Even now, all these years later.
‘‘You didn’t
know what they were going to do,’’ Doctor Grunwald had insisted. “You didn’t
know.”
“No,” Jerry had
told him. “But I didn’t question it, either. My sin was that I didn’t even
question it.”
He went into
the kitchen. It was narrow, tiled in blue, and it bore all the hallmarks of a
man living alone. The catsup bottles were still on the table after this
morning’s breakfast, the counter beneath the toaster was strewn with crumbs,
and the pans that hung underneath the wall cupboards had only been scoured in
the middle, where it was essential. He opened the huge refrigerator and took
out a pack of bologna sausage. He didn’t really feel hungry after hearing about
Sherry Cantor, but he knew that he would need the energy if he was going to
take David out this afternoon.
He started to
build himself a sandwich, with bologna and sliced pickle. He tried not to think
about that hot day, thirty-four years ago, when he had first realized the
enormity of what he had done. A radio was playing “You Don’t Bring Me Flowers”

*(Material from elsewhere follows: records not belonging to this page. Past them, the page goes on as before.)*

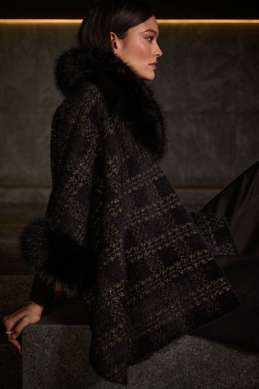 Joseph Ribkoff Cape 254934 Black/Gold – Jacquard Knit Cape with Faux Fur Accents
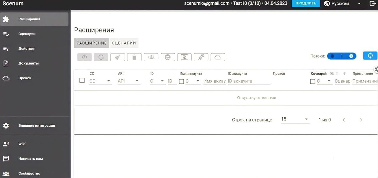 После этих действий можете запустить сценарий из личного кабинета Scenum и оттуда одним кликом сможете управлять абсолютно всеми расширениями. При нажатии старт/стоп профили антидетект браузера самостоятельно будут открыться и закрыться. И все сохраненные сценарии могут выполняться выбранным вами количеством профилей.
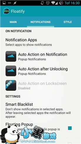总是看到别人来短信时那个酷炫的悬浮窗口有没有很羡慕嫉妒恨?为了让大家也能在原生的Android系统上享受一下悬浮提示的待遇,小编下面就给大家介绍一款浮动通知专业版 Floatify,只要设置的得体,各种通知都能以浮现的方式展示出来哈哟。
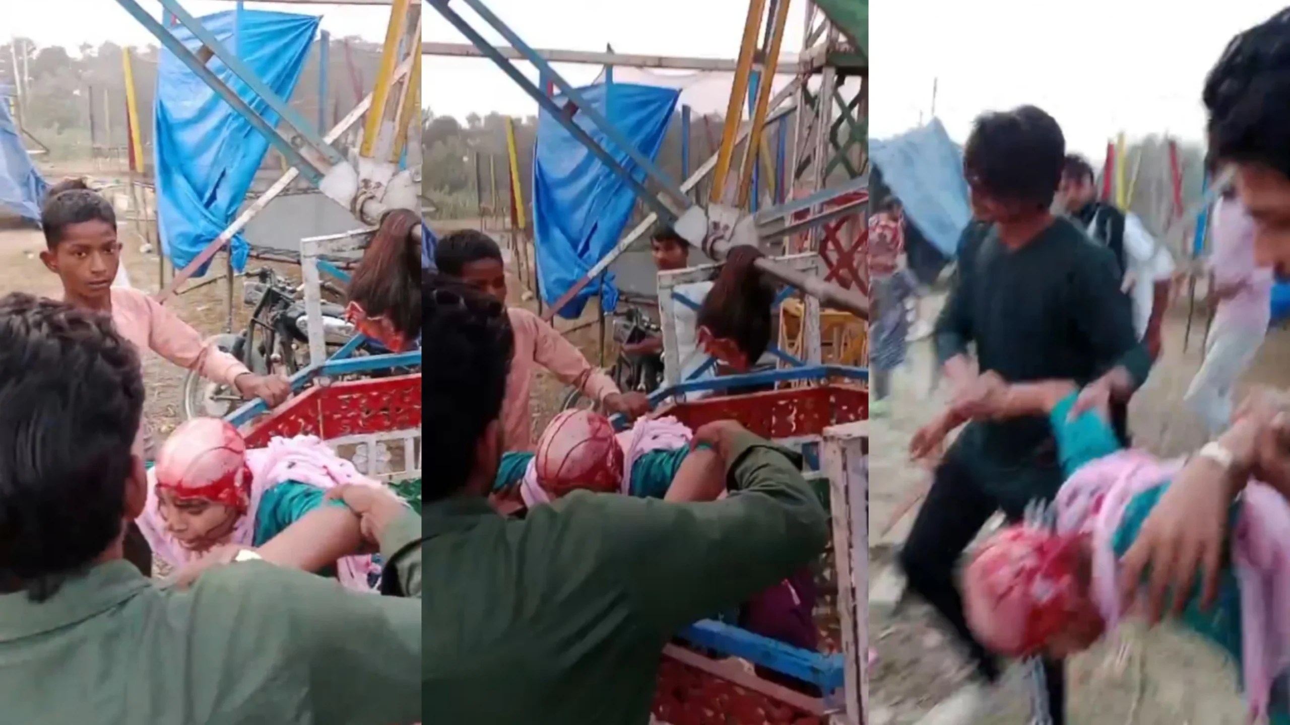 उत्तर प्रदेश के कन्नौज जिले में खौफनाक हादसा हो गया। यहां झूला झूलते समय युवती के बाल झूले में फंसने से उसे सारे बाल जड़ से सिर से अलग हो गए। पूरे सर में खून ही खून हो गया। मौके पर मौजूद जिसने भी इस घटना को देखा उनकी रुह कांप गई।

somewhere outside, and he raised his eyes and looked out of the kitchen window
toward the street.
A man in a
white wide-brimmed hat and a white suit was standing not far away from Jerry’s
gate.
Spanish, maybe, or Mexican.
Although the shadow of the
midday sun obscured his face, the man appeared to be looking up toward the
house. His hands were pushed deeply into the pockets of his coat, and he was smoking
a cigarette. There was something about him that was oddly unsettling, as if he
were a leftover from some black-and-white private-eye movie of the 1950’s.